Best practices for multilingual values
As evidenced by reports, there is some confusion about how to use multilingual data values alongside language maps. @pchampin noted that using an alias is a good way to work through this, and @BigBlueHat noted (link to minutes forthcoming) that this is the approach taken by Web Annotations. We should offer some examples of this practice, probably in the context of the (long-promised) Primer.
Riffing off of @pchampin's example in https://github.com/w3c/json-ld-syntax/issues/91#issuecomment-445313785, we might use data indexing to aid access:
{
"@context": {
"occupation": { "@id": "ex:occupation", "@type": "rdf:HTML", "@container": "@data" },
"description": "ex:description"
},
"name": "Yagyū Muneyoshi",
"occupation": {
"ja": "<span lang=\"en\">Ninja in japanese: <span lang=\"jp\">忍者</span>",
"en": "<span lang=\"en\">Ninja in english: <span lang=\"en\">Ninja</span>",
"cs": "<span lang=\"en\">Ninja in czech: <span lang=\"cs\"> Nindža </span>"
}
}
This allows data indexing and consistent use of HTML values.
But... what would the generated RDF look like? One cannot add a language tag to a typed literal:-(
Its not a language tag, it’s a data index which has no RDF representation.
It’s useful for creating structural indexes.
Oops... well, this is one of those surprise effect that @ajs6f was talking about yesterday: I missed the "@container": "@data" and thought it was language. Ie, if I am an author not looking into the details of the context, I can be a bit misled.
Yes, it is legal; I do not think it is good practice.

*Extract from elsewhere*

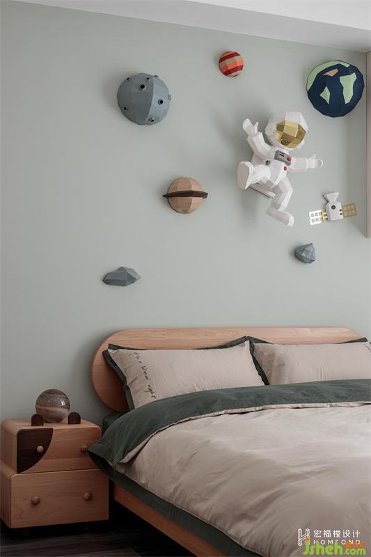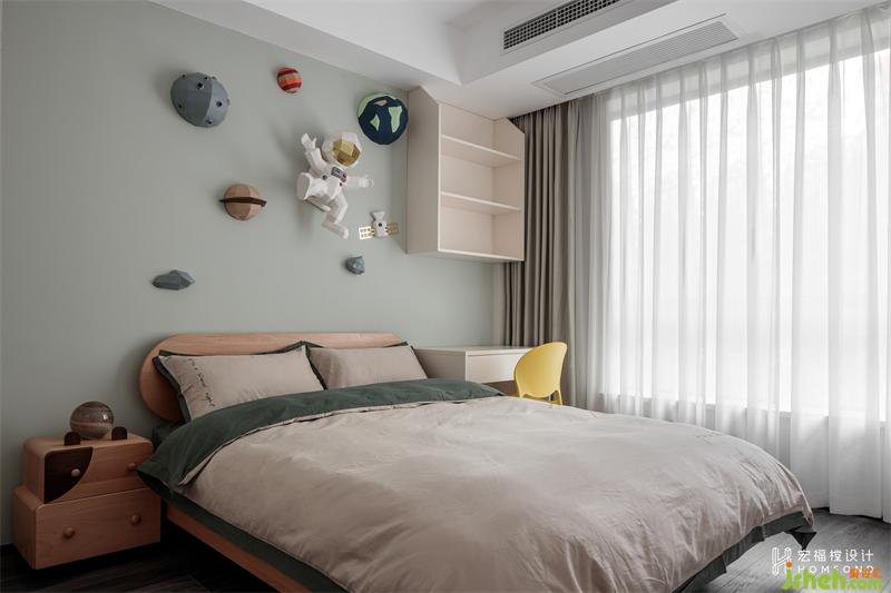 弟弟今年5歲,對于低年齡階段的兒童而言,綿軟輕薄、透氣舒適的氛圍可以給他們帶來安全感。所以房間用溫柔的豆蔻青作為主色調(diào),墻上粘貼的是女屋主手作的3D太空貼紙,讓孩子小小的世界可以擁有天馬行空的奇妙幻想。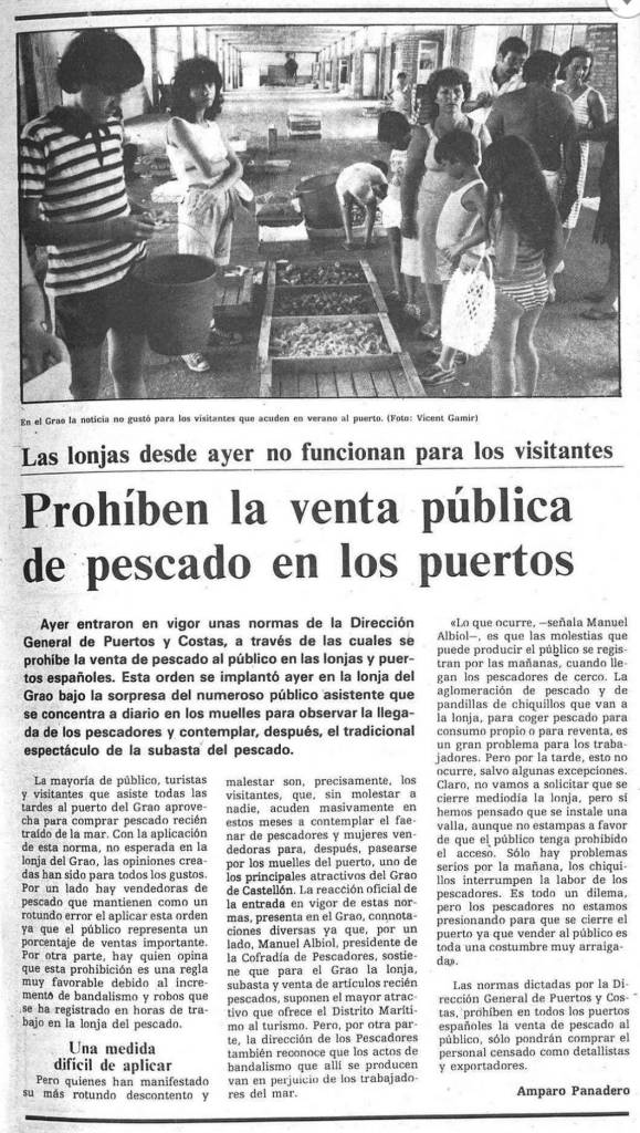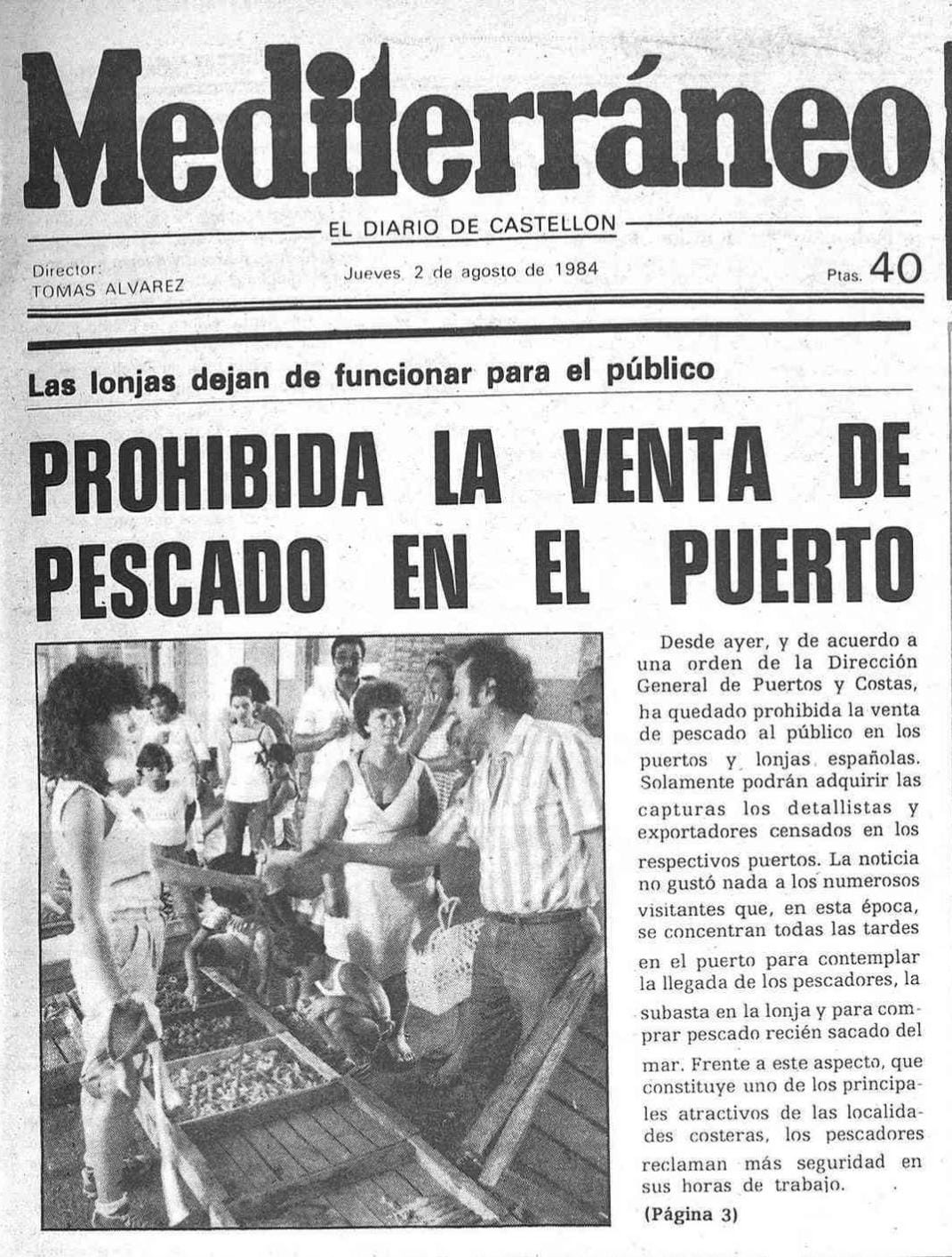 Una decisión del Ministerio de Agricultura y Pesca prohíbe, desde el 1 de agosto de 1984, la venta de pescado de forma directa al público en los puertos y lonjas españolas. La noticia, según recoge Mediterráneo al día siguiente en su portada, «no gustó nada a los numerosos visitantes que, en esta época, se concentran todas las tardes en el puerto para contemplar la llegada de los pescadores», seguida de la subasta.

seeAlso https://iiif.io/api/presentation/3.0/#44-html-markup-in-property-values
This issue was discussed in a meeting.
RESOLVED: highlight the need for work is ongoing, but it should present what can be done today via language/data maps and/or using HTML (or other) micro-syntax for expressing multiple language
View the transcript
Multilingual ValuesBenjamin Young: https://github.com/w3c/json-ld-syntax/issues/105
Benjamin Young: Another easy one ;)
… this one is about how JSON-LD currently works, and our past decisions to use HTML for multi lingual values (strings with multiple languages)
… so use straight up HTML, which is not ideal
… Looking at text level semantics HTML, but that’s for the future.
… so what do we need to propose in the primer to close the issue?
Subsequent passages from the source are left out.